While I am grateful for every moment and every holiday spent with my parents, having them in tandem with my children all under my roof for the holidays is very, very challenging. I find myself confronted with ghosts of holidays past - thinking back to the "good old days" when my parents were in charge and functioned as full-fledged adults. These days, they are helpless, it seems. They depend on me for everything - from accompaniment to places they need to go, to basic instruction on how to set the table, to simple reminders to take care of themselves (bathe, dress, exercise, stick to their diets).
My diabetic father eyes the pastries I baked, looking for an opportunity to sneak a cookie. "I bought you sugar-free cookies," I remind him. "But those look so good," he said sadly, grabbing a chip as soon as I turn my back. I know how much sugar I used to make them--I made them for the kids. These will make him sick. And all the diet goodies I bought him don't look half as enticing as the "baddies." But he is the proverbial child with his hand in the cookie jar, and I feel like I'm parenting my father.
Despite their good intentions, my parents seem to be ever underfoot, standing in doorways as I navigate the kitchen with hot soup, hovering over my shoulder as I wash dishes or retrieve email. When I walk with them, I have to watch over them, much like I did when my children were very young, making sure that they don't trip on potholes in the street or stumble over bumps in the sidewalk. Only, with my children, I looked forward to a day when they would grow up to be strong and steady on their feet. And now they are somewhat grown, quite strong, and with their newfound independence, my children come at me with guns blazing. Meanwhile, on the other side of the sandwich, every bit as emotionally strong-willed, demanding and insistent as they ever were when they were the people that kept ME from tripping and falling, my parents just seem to get physically weaker and less able to process the simplest suggestion.
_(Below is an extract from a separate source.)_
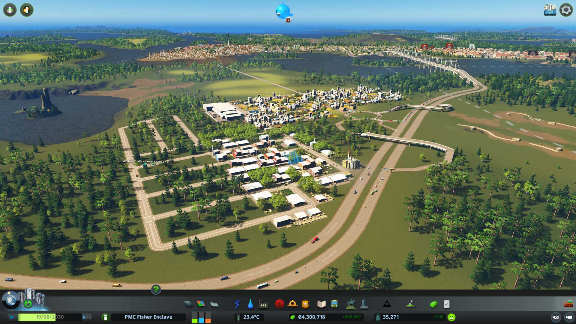 2022-08-14T05:01:00Z New Cities Skylines building day has started, just woke up and finished morning chores, haven't eaten yet, lets get things going on in this savegame first.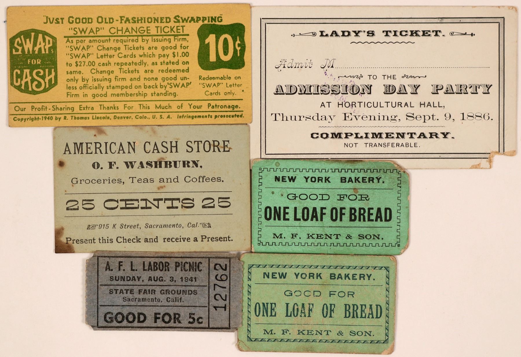 Lot of six: American Cash Store; New York Bakery; A.F.L. Labor Picnic; Cross Roads Grocery; Lady's Ticket to the 1886 Admission Day Party at Horticultural Hall. Ex: Ron Lerch Collection.

As I watch my children balk at my suggestions and input, I see myself balking at my parent's suggestions--just as I did when I was my kids' age. "Why don't you try to become a teacher?" my mother, a longtime teacher, suggests. "That would be a good job for you. You'd be a wonderful teacher."
"Mom, I'm a marketing consultant, not a teacher," I inform her, just barely holding in the desire to scream.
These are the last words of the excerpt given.